• _Data extract_
=-=-=-=-=
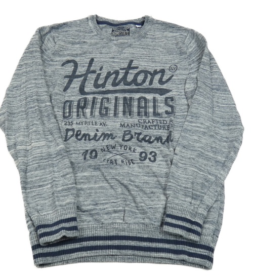 Tmavomodrý melírovaný sveter s nápisom C&A
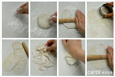 2.壓餃子皮用具可以利用杯子,餅乾模或小慕斯模等,大小可以
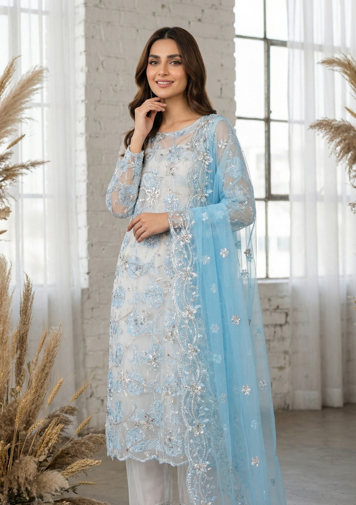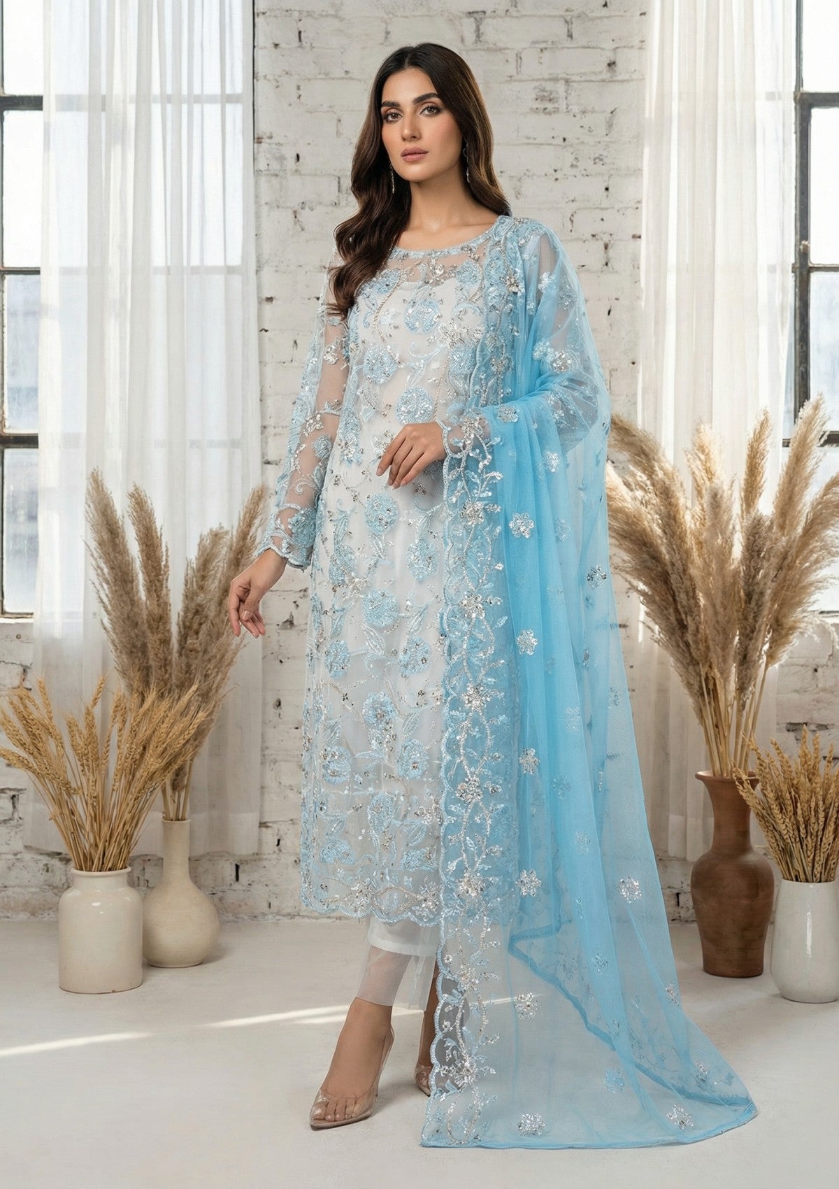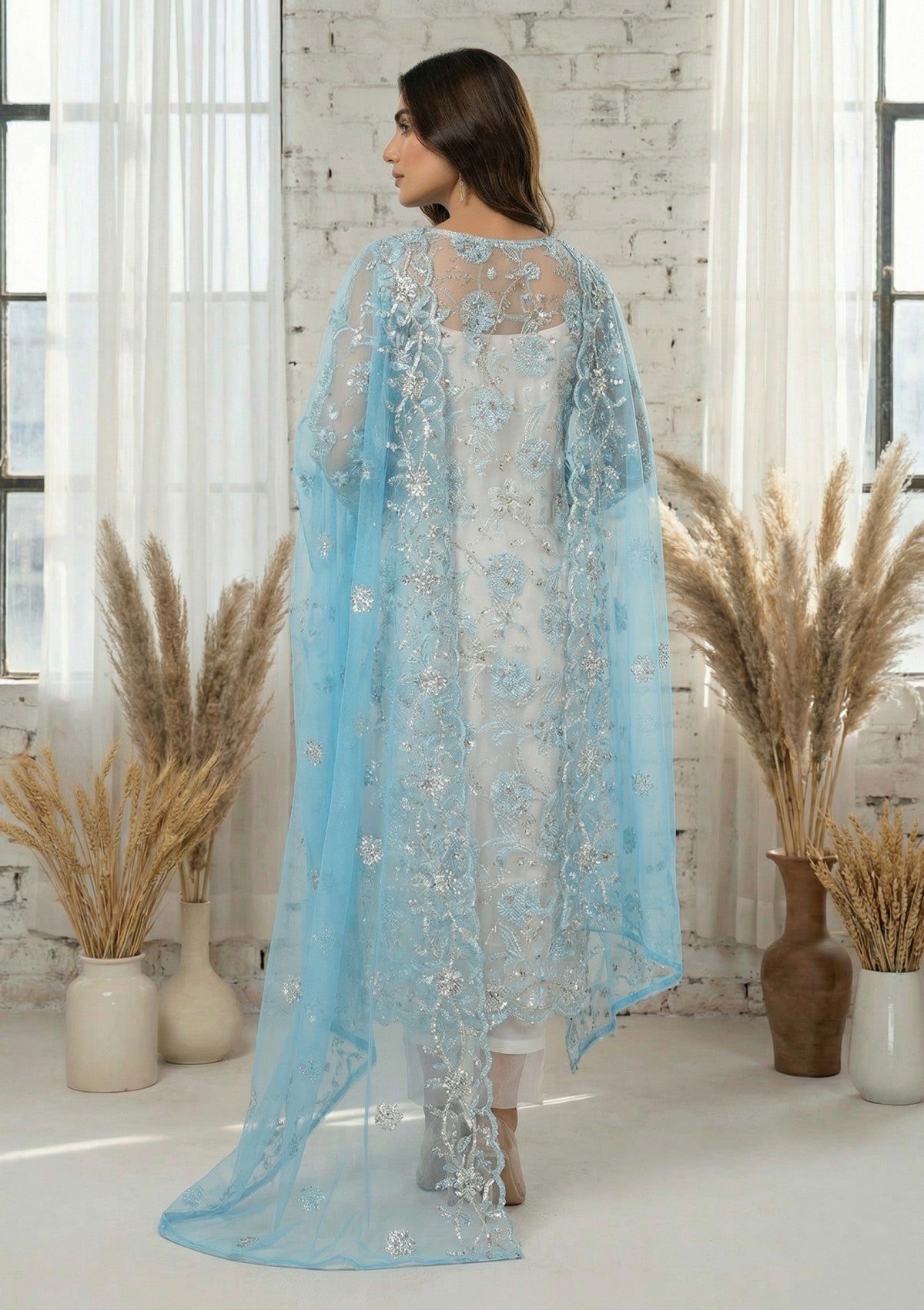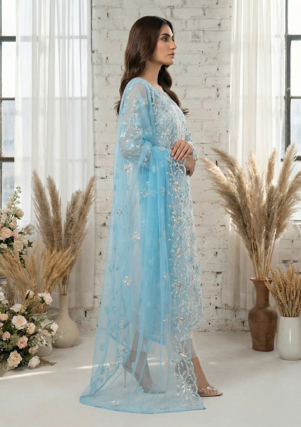 Formals Riwaj Fancy Net 2 Pcs Suit D 01 Sky Blue Lawn Collection 2026
=-=-=-=-=
• _Exercise goal_
Word for word, print the material above, but without its pictures.

• _Exercise answer_
 Tmavomodrý melírovaný sveter s nápisom C&A
 2.壓餃子皮用具可以利用杯子,餅乾模或小慕斯模等,大小可以
 Formals Riwaj Fancy Net 2 Pcs Suit D 01 Sky Blue Lawn Collection 2026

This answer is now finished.